L’entrée aux Invalides a eu lieu le 28 avril 1921.
Le passage sous le porche d’entrée côté Nord entre les statues de Mars et Minerve ne s’est pas fait sans difficulté. Il a fallu faire quelques entailles pour faciliter la manœuvre. Voici étape par étape l’entrée dans la cour d’honneur jusqu’à son installation dans la cour de la plus célèbre voiture restaurant du monde.
Nous reprendrons la suite de notre saga de la restauration ferroviaire avec l’époque du renouveau de la circulation des trains internationaux et rapides nationaux pendant les années folles jusqu’à la guerre et nous continuerons de suivre le périple de la voiture 2419 qui a continué à vivre des moments historiques et tragiques.

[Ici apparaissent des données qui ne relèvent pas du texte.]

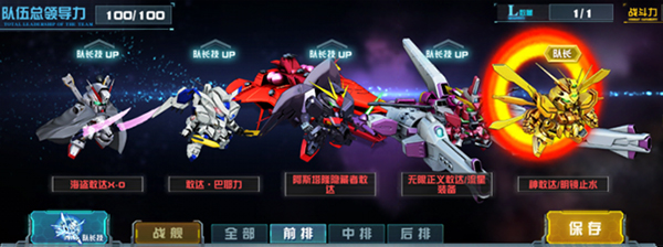 队长技:神敢达/明镜止水出任队长,触发多模式机体间的协同机制,激活隐藏属性联动

Mais avant, un petit mot sur les wagons Bars dont nous avions parlé dans la première partie. Au début des années 1900, une campagne d’opposition à ces wagons bars a été conduite par le député Chassaing. Elle visait à supprimer cette facilité offerte aux voyageurs de pouvoir se désaltérer sur les parcours de banlieue. Les défenseurs de cette cause alléguaient que les « assommoirs roulants », comme ils les appelaient, concourraient à l’aggravation de l’alcoolisme en France. La compagnie des wagons bars a bien tenté d’éteindre l’incendie en changeant de raison sociale et en se faisant appeler « compagnie des wagons buffets », mais rien n’y fit, l’hostilité des politiques et d’une certaine presse redoublait d’intensité. Les pouvoirs publics ont donc décidé de ne pas renouveler la convention d’exploitation accordée jusqu’au 31/12/1912. Le chemin de fer de l’Etat a toutefois accepté une dérogation d’un an renouvelable en attendant la fin des travaux d’électrification mais la guerre y a mis un terme définitif.
Depuis lors, en banlieue, on ne peut plus prendre l’apéritif.